Because then you couldn’t design a placebo
that looked and tasted exactly the same
to rule out the very real and powerful placebo effect.
And also, because it was funded by the Welch’s grape juice company.
This effect was confirmed in a follow-up study ,
showing for the first time an increase in neural activation
in parts of the brain associated with memory using functional MRI scans.
But this brain scan study was tiny, just 4 people in each group.
And same problem in the blueberry study –
it just had 9 people in it.
Why haven’t large population-based studies been done?
Because we haven’t had good databases
on where these phytonutrients are found.
We know how much vitamin C is in a blueberry,
but not how much anthocyanidin, ...until now.
The Harvard Nurse’s Health Study
followed the cognitive function of more than 16,000 women for years,
and found that higher, long-term consumption of berries
was associated with significantly slower rates of cognitive decline
in this cohort of older women,
even after careful consideration of confounding by socioeconomic status,
meaning even after taking into account the fact that rich people eat more berries.

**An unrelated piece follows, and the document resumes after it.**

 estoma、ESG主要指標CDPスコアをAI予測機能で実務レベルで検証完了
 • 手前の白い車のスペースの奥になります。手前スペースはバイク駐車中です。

The first population-based evidence that greater intakes
of blueberries and strawberries were highly associated
with slower rates of cognitive decline,
and not just by a little bit.
The magnitude of associations were equivalent
to the cognitive differences that one might observe
in women up to 2 and a half years apart in age.
In other words, women with higher intake of berries
appeared to have delayed cognitive aging by as much as 2 1/2 years.

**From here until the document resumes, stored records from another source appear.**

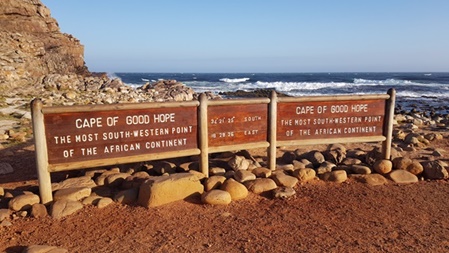 Das Kap der guten Hoffnung auf der Kaphalbinsel südlich von Kapstadt zählt zu den magischsten Plätzen der Welt. Fast jeder Weltenbürger hat schon einmal von diesem sturmumtosten Kap an der Süd(west)spitze Afrikas gehört, wo zahllose Schiffe untergingen und sich der Atlantik mit dem Indischen Ozean trifft. Touristen werden im Großteil des Jahres jedoch von einer ruhigen See empfangen, die einen kilometerweiten Blick erlaubt. Ein Besuch des südlichsten Punkt Afrikas ist ein absolutes Must! Um irgendwelchen Kommentaren vorzubeugen: Cape Agulhas ist selbstverständlich der südlichste Punkt Afrikas, das Kap ist nur der „südwestlichste“ Punkt. Thema geklärt. Für den Besuch des Kap der guten Hoffnung sollte man einen ganzen Tag einplanen. Die Entfernung beträgt zwar nur ca. 40 km, es gibt aber unterwegs viel zu sehen.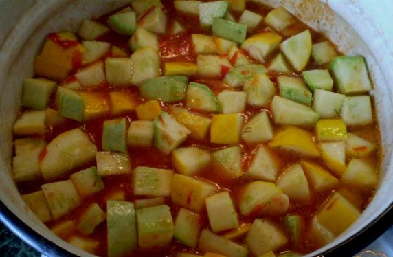 Далее ставим кабачки на огонь и доводим до кипения. В процессе закипания, не забываем нашу заготовку помешивать. Как только кабачки закипели, убавляем огонь и варим примерно 40-45 минут на среднем огне. Проверьте, чтобы кабачки были мягкими, но не переварились. Кусочки должны быть целыми.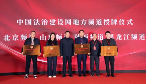 仪式上还举行频道授牌环节。韩亨林与段元祥(中共中央政法委员会原办公室副主任)共同登台,为山东、黑龙江、陕西、北京四个省级频道授牌。这一环节标志着中国法治建设网全国网络布局的实质性启动,为构建覆盖广泛的法治文化传播体系奠定了坚实基础。

Why not just take some kind of anthocyanidin supplement?
Because there hasn’t been a single study that found any kind of cognitive benefit
just giving these single phytonutrients. In fact the opposite.
Whole blueberries appear to be more effective than individual components,
showing that the whole is greater than the sum of its parts.
These findings potentially have substantial public health implications,
as increasing berry intake represents a fairly simple dietary modification
to test in older adults for maintaining brain function.